I stop and wonder: will my readers find it possible to believe these tales? So many, many things happening to one man! There is something suspicious about it—where there is so much smoke, surely there must have been at least one tiny spark of fire! Did I not really raise a disturbance, just the tiniest little bit of a disturbance—such as would have caused the people at the next table to desist from their conversation and look at me?
All that I can do is to remind the reader of the pledge I gave at the beginning of this book: I am telling the truth, the whole truth, and nothing but the truth. Not only did I not raise a disturbance in the dining-room of the Hotel St. Francis, I never in my life raised a disturbance in a public dining-room, nor in any other public place so far as I can recollect.
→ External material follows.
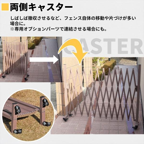 アルミ ストレッチフェンス3m・両側キャスター アルミフェンスフェンスdiy アルミフェンス 木目調 伸縮 ゲート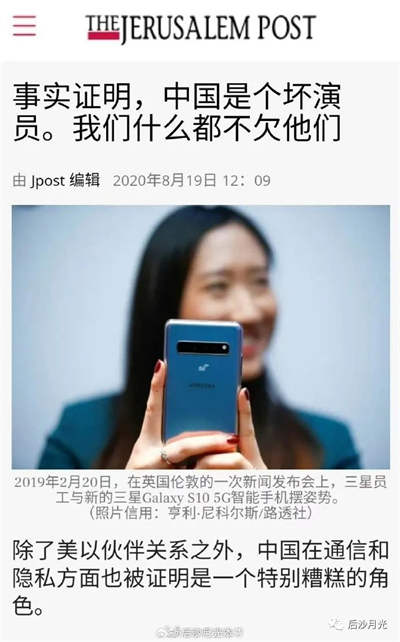 以色列也是摩拳擦掌,2020年8月19日,《耶路撒冷邮报》发表了一篇名为《中国已经被证明是个反派,我们什么也不欠他们》的社评。

The one act that might be called a “disturbance” was that which I performed in front of the office of John D. Rockefeller, Jr., during the Colorado coal-strike; it consisted of walking up and down in absolute silence with a band of crepe around my arm. On several other occasions I have made Socialist speeches, and the newspapers have seen fit to write these up as if they were disturbances; but I have never in my life engaged in any sort of altercation or controversy in a public place. I am by instinct shy, and I don’t go into public at all, except I am carried by some conviction. As a little boy I got into one or two fights, and got a bloody nose each time, but since the age of eleven or twelve I have never struck a human being, and can only remember threatening to do so on one occasion—in a public park, when I saw an old bootblack beating a very small boy. As for raising a disturbance with a waiter, I can only say that when a poor wage-slave in a leisure-class hotel brings me an improper bill, my impulse is to give him, not a scolding, but an I. W. W. tract. My anger is reserved for the management of the hotel which is robbing me, and I give vent to this anger in a polite letter, which causes the management to rob me still further. As Shakespeare says:
Who steals my purse steals trash;
But he that filches from me my good Name,
Robs me of that which not enriches him,
And leaves me poor indeed.
My wife reads this story, and laughs; she says the world will find me comical, defending myself so very solemnly against a comical charge. Well, I am not without a sense of humor; I look back in retrospect, and have not a little fun over my “monkey diet” days. But I am serious in this book, and if you will bear with me to the end, you will see why; you will see this same predatory Journalism, which made a “monkey” out of me, engaged in blasting the best hopes of mankind, and perpetuating slavery and torment for hundreds of millions of people.